This is erroneous. The credit created when a loan is made by a bank becomes income for sellers when loans are used for purchases (the only reason for getting loans in the first place). At that point that credit is comingled with all other money. The repayment of the loan is income for the bank, none of which is needed to ‘replenish the vault’ because no money was taken from the vault to make the loan (though some of that income might need to be retained by the bank for compliance with capital or reserve requirements).
So in making loans banks create money that borrowers are allowed to use, which amount of money must be returned to the bank — plus interest: sweet deal for them. For accounting purposes, a loan is an asset of a bank; that asset is what’s “extinguished” as the loan gets repaid. (It’s all about ‘keeping the books [theoretically] balanced’ throughout the economy.)
[Money (as currency, not credit) is also created when money is created for the central bank to use to purchase debt issued by the central government. The only money that gets created without additional debt being involved is in ‘quantitative easing’, in which currency is created for the central bank to use to purchase other assets.]
At present, money can be in circulation or it can be held in an account (or put under a mattress, etc.), but it cannot be "extinguished." (Even if, as has been done as a last resort to put an end to runaway inflation, a government ends one currency and starts another in its place, the old money is convertible to the new at some rate of exchange). It could be under a mattress in another nation — or just plain lost — but unless money has been burned up or melted, once it has been created, it is somewhere on Earth.
That is why the creation of money generates a permanent threat of inflation. Combating (even potential) inflation means restricting output, with its own problems for society: higher unemployment, more poverty, less tax revenues (but with the same tax rates).

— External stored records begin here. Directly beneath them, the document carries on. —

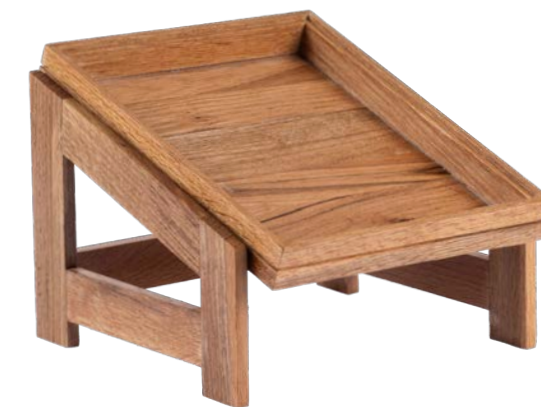
1-Tier Stand GN 1/2
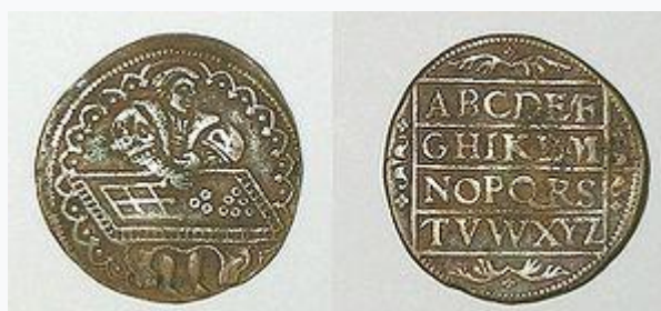
Jeton from Nuremberg, c. 1553
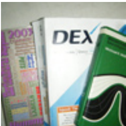
All Books Hard backs, soft backs, and phone books

I definitely agree that a new approach to supplying nations’ economies with money is desperately needed.
For any nation’s existing economy to function optimally as a system there must be a sufficient supply of money constantly being created, but without involving debt. The proposal this author favors accomplishes that.
There must also be a mechanism for taking excess money that is not being used out of the system permanently (rather than have it accumulate endlessly in the economy). The proposal this author favors does not accomplish that. Like the current system, to combat inflation money would be (hopefully) captured by the managers of the system (the efficacy of the proposed system in that regard is genuinely open to question), but the money would still exist.
One alternative approach to supplying nations’ existing economies with money that is not noted in this article is available for consideration in “Same Economy, Way Better Outcomes for Society”[in a form primarily for economists: “Paradigm Shift”] (both here in Medium).
It would eliminate all of the societal problems associated with any nation’s existing economy (economic instability, unemployment, poverty, taxes, public debt, and unsustainability). It would also permanently remove excess money that was not needed from the economy (while constantly replenishing the supply of money without involving debt). The money removed from the economy would come from, presumably, large businesses, after all expenses had been met — including (unlimited) compensation for all employees, to include senior executives — and a plentiful amount of money (i.e., the annualized amount of the largest quarterly earnings the business had ever achieved) set aside by the business.